* What you should do: If pictures appear in the lines below, skip them and copy exactly the lines from the one containing "4.979.503 | |||" through the one containing "VOCs處理方法有數十種,其", and nothing else.

--------

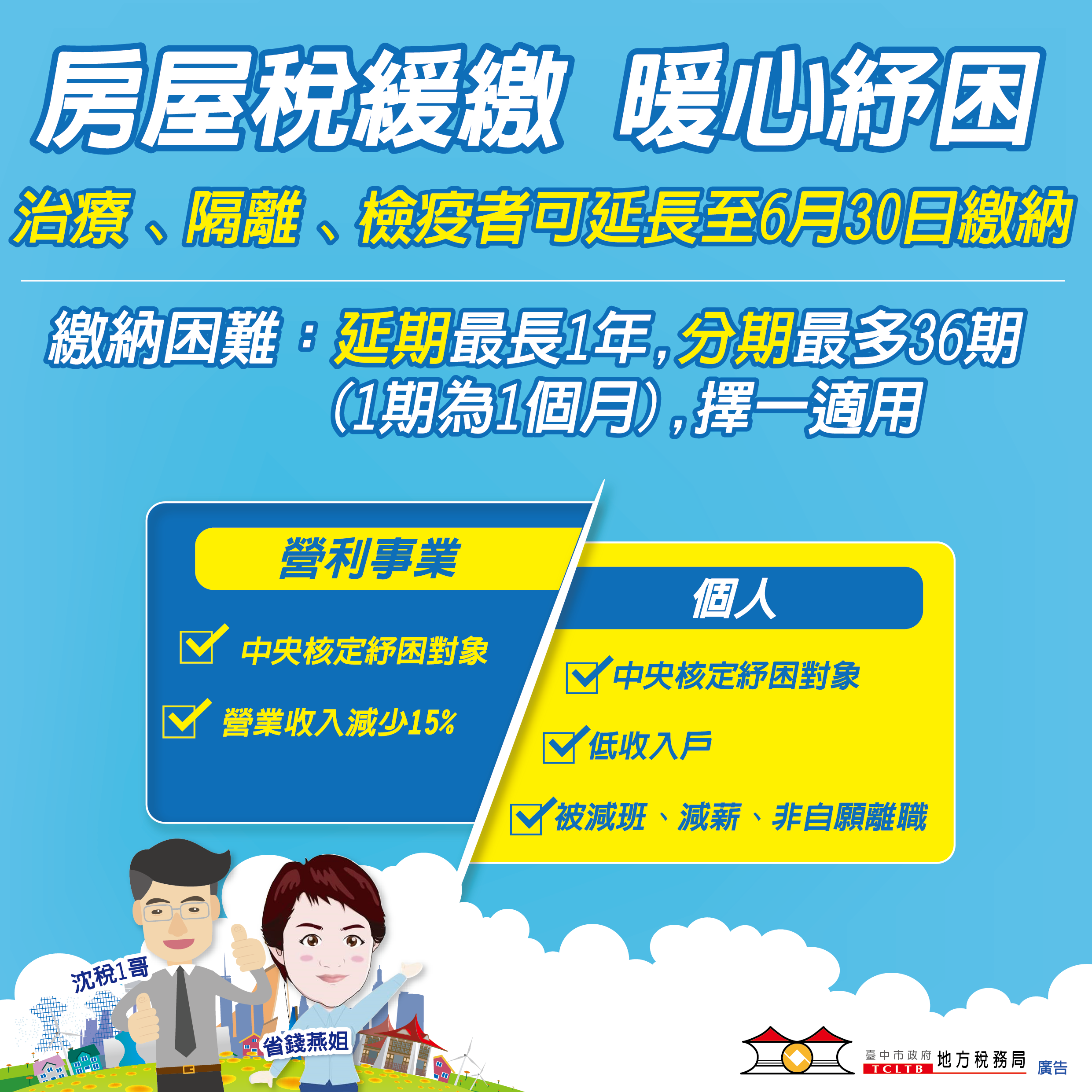地方稅務局說明,受疫情影響,個人或法人、非法人團體負責人或主辦會計人員在房屋稅法定繳納期間內接受隔離治療、居家隔離、居家檢疫、集中隔離、或集中檢疫,繳納期限可延長至今年630日。
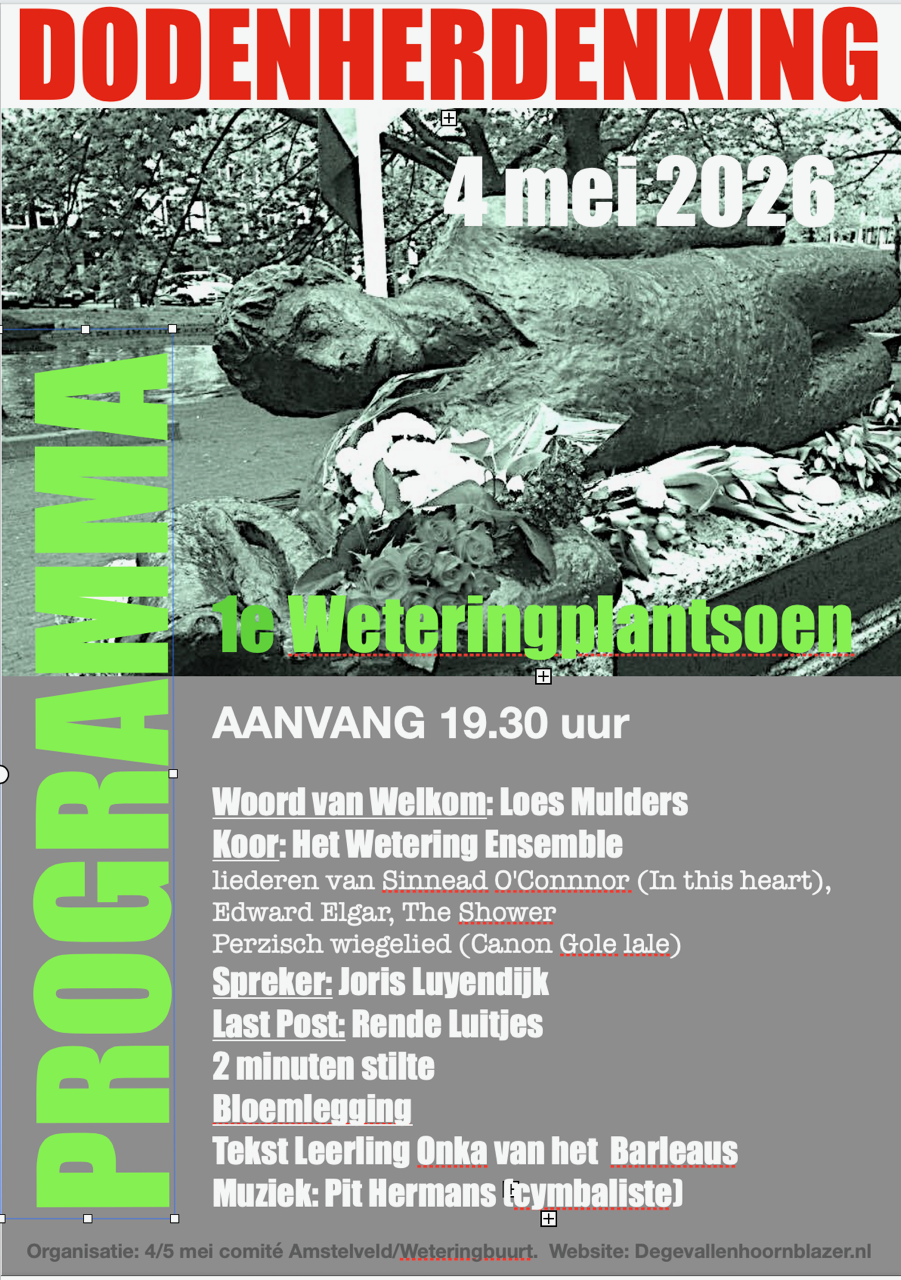 Het herdenkingsprogramma ziet er verder ls volgt uit: 19.35 uur Koor Wetering-ensemble zingt van Elgar They Are The Rest 19.38 uur Welkomswoord voorzitter 4/5 mei cie Loes Mulders 19.43 uur Koor Wetering Ensemble zingt The Silder Swan van Gibbons 19.45 uur Spreker Saskia Goldschmidt 19.55 uur Koor Wetering Ensemble zingt Ben Ali Libi van Willem Wilmink op muziek gezet door Theo van Lent. 19.58 uur The last Post door Rende Luitjes 20.00 uur Twee minuten stilte 20.02 uur Voordracht gedicht door Enza Cohen, leerling Barlaeus Gymnasium 20.03 uur Bloemlegging onder muzikale begeleiding van accordeonist Toni Smith en violist Vincent van Dam
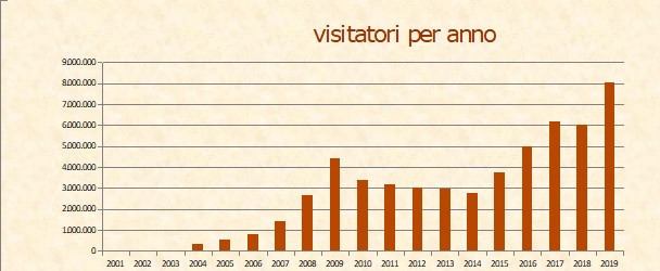 | visitatori | 276.898 | 500.086 | 776.818 | 1.368.042 | 2.655.840 | 4.398.998 | 3.353.302 | 3.163.669 | 3.013.492 | 2.956.687 | 2.758.988 | 3.757.212 | 4.979.503 | |||
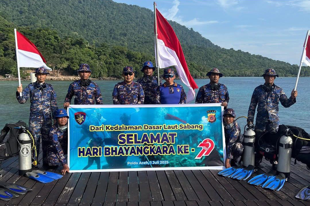 Dalam rangka memperingati Hari Bhayangkara ke-79, Direktorat Polisi Perairan dan Udara (Ditpolairud) Polda Aceh melaksanakan pengibaran bendera Merah Putih di dasar laut perairan Sabang, Sabtu pagi, 28 Juni 2025.
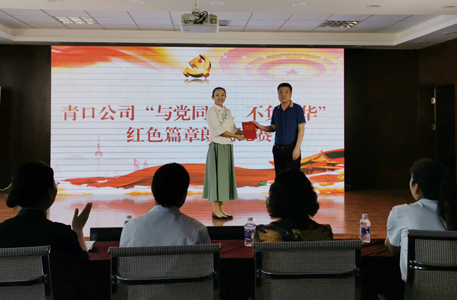 為了慶祝建黨99周年,引導(dǎo)和激勵(lì)廣大黨員干部圍繞 “三年攀高”行動(dòng)計(jì)劃,為弘揚(yáng)“新青口精神”、開啟青口發(fā)展新征程貢獻(xiàn)力量。6月23日下午,青口公司黨委隆重舉行“與黨同行、不負(fù)韶華”紅色篇章朗誦比賽。公司領(lǐng)導(dǎo)班子、機(jī)關(guān)全體管理人員及各單位黨政工負(fù)責(zé)人參加活動(dòng)。
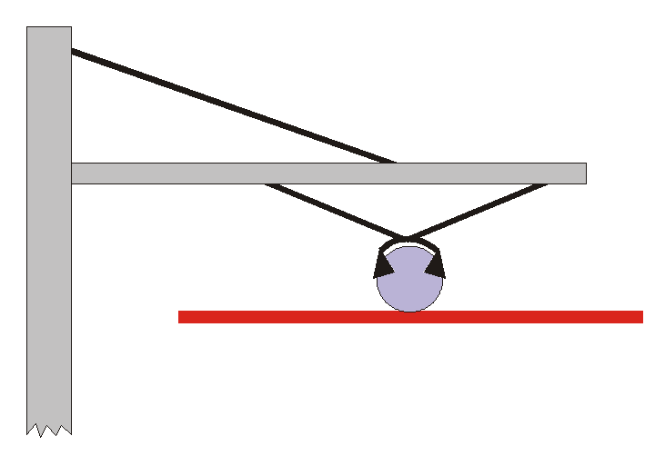 Figure schématique : LAC maintenue par des pinces (en noir). Archet du pantographe en rouge.
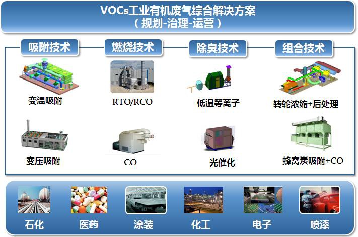 VOCs處理方法有數十種,其原理主要有回收有價值溶劑的回收技術和分解VOCs分子的破壞技術兩大類,實際應用中更多是采用組合式技術。比如:采用濃縮和燃燒結合的技術治理低濃度大風量廢氣,減少裝置投資;采用催化燃燒(CO)或蓄熱式燃燒(RTO)技術實現低能耗下VOCs的處理;根據VOCs自身溶解度、沸點等特性選擇變溫吸附或變壓吸附進行溶劑的回收,具體如何選擇取決于客戶生產線的工況。
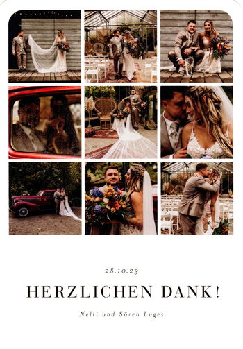 vielen Dank dir für die klasse Arbeit und die Geduld (gerade unser Trauzeuge war sehr speziell. Er war so nervös wie noch nie dafür der ehrlichste Mensch, den wir kennen). Alle waren begeistert und wir haben nur Lob erhalten ganz großes herzlichen Dankeschön an dich 😘😘😘🥰

--------

* Exercise response:
 | visitatori | 276.898 | 500.086 | 776.818 | 1.368.042 | 2.655.840 | 4.398.998 | 3.353.302 | 3.163.669 | 3.013.492 | 2.956.687 | 2.758.988 | 3.757.212 | 4.979.503 | |||
 Dalam rangka memperingati Hari Bhayangkara ke-79, Direktorat Polisi Perairan dan Udara (Ditpolairud) Polda Aceh melaksanakan pengibaran bendera Merah Putih di dasar laut perairan Sabang, Sabtu pagi, 28 Juni 2025.
 為了慶祝建黨99周年,引導(dǎo)和激勵(lì)廣大黨員干部圍繞 “三年攀高”行動(dòng)計(jì)劃,為弘揚(yáng)“新青口精神”、開啟青口發(fā)展新征程貢獻(xiàn)力量。6月23日下午,青口公司黨委隆重舉行“與黨同行、不負(fù)韶華”紅色篇章朗誦比賽。公司領(lǐng)導(dǎo)班子、機(jī)關(guān)全體管理人員及各單位黨政工負(fù)責(zé)人參加活動(dòng)。
 Figure schématique : LAC maintenue par des pinces (en noir). Archet du pantographe en rouge.
 VOCs處理方法有數十種,其原理主要有回收有價值溶劑的回收技術和分解VOCs分子的破壞技術兩大類,實際應用中更多是采用組合式技術。比如:采用濃縮和燃燒結合的技術治理低濃度大風量廢氣,減少裝置投資;采用催化燃燒(CO)或蓄熱式燃燒(RTO)技術實現低能耗下VOCs的處理;根據VOCs自身溶解度、沸點等特性選擇變溫吸附或變壓吸附進行溶劑的回收,具體如何選擇取決于客戶生產線的工況。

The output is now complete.